## What the task asks
Scan the listing for the word "United" and report every line that contains it.

## Data shown
-=-=-

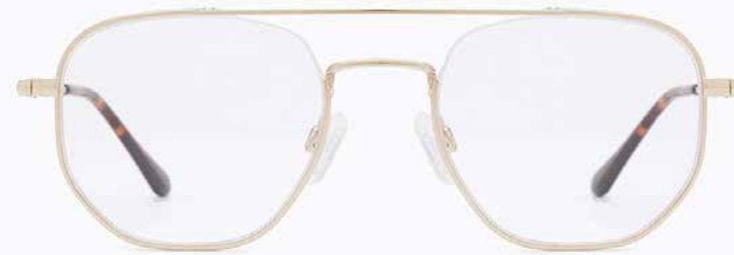
CL4267 OPT 02

Frame Color: Demi 1YWP4B002 Lens Color: 0 Frame Material: Metal Handle Length: 145 Lens Width: 49 Nose Bridge: 20
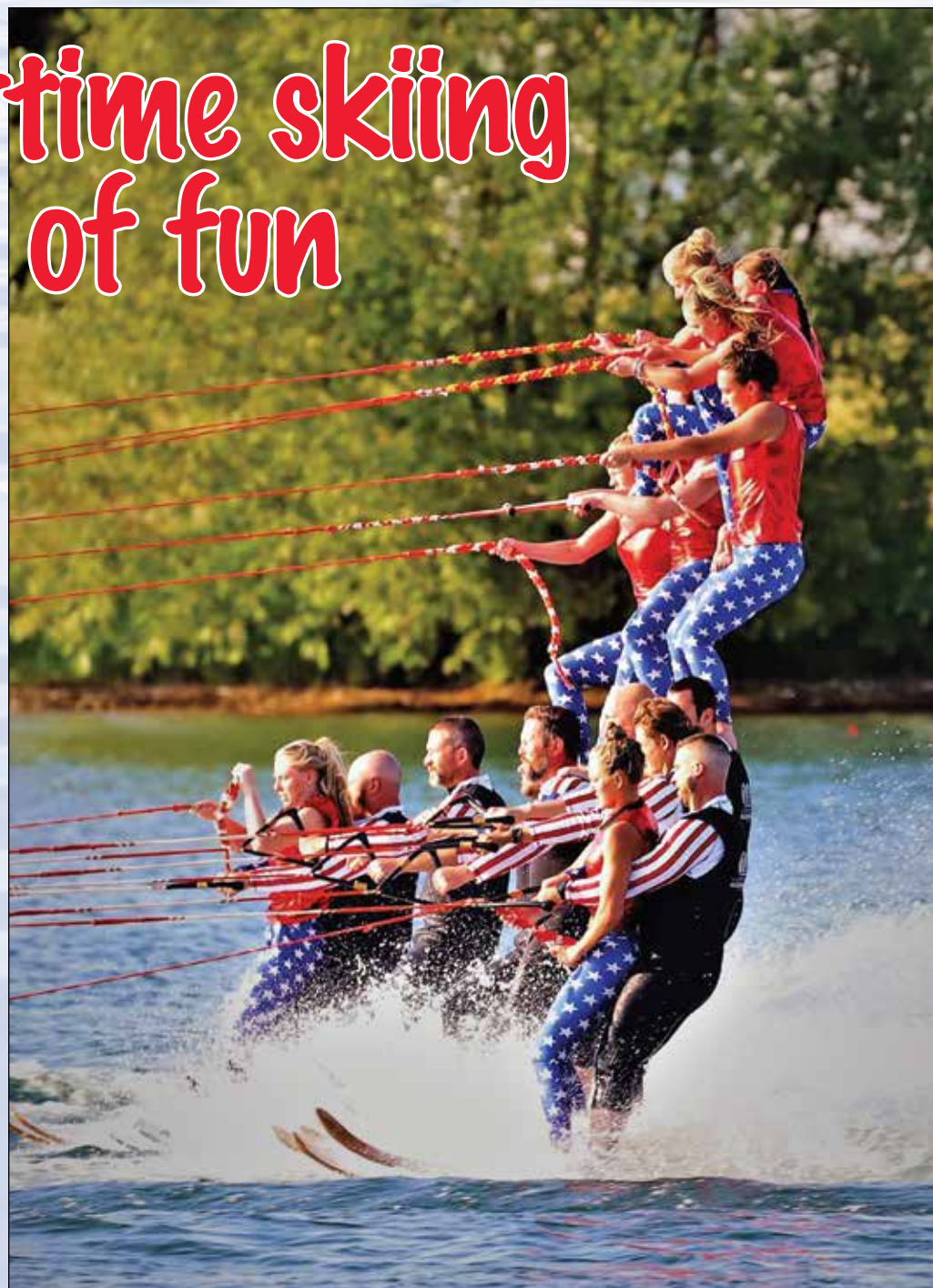
Members of the Southern Wakes United team show off patriotic outfits during a performance.

For Southern Wakes United Water Ski Show Team, 2023 was a special year as they won the Wisconsin State Championship in

-=-=-

## Answer to this exercise
Members of the Southern Wakes United team show off patriotic outfits during a performance.
For Southern Wakes United Water Ski Show Team, 2023 was a special year as they won the Wisconsin State Championship in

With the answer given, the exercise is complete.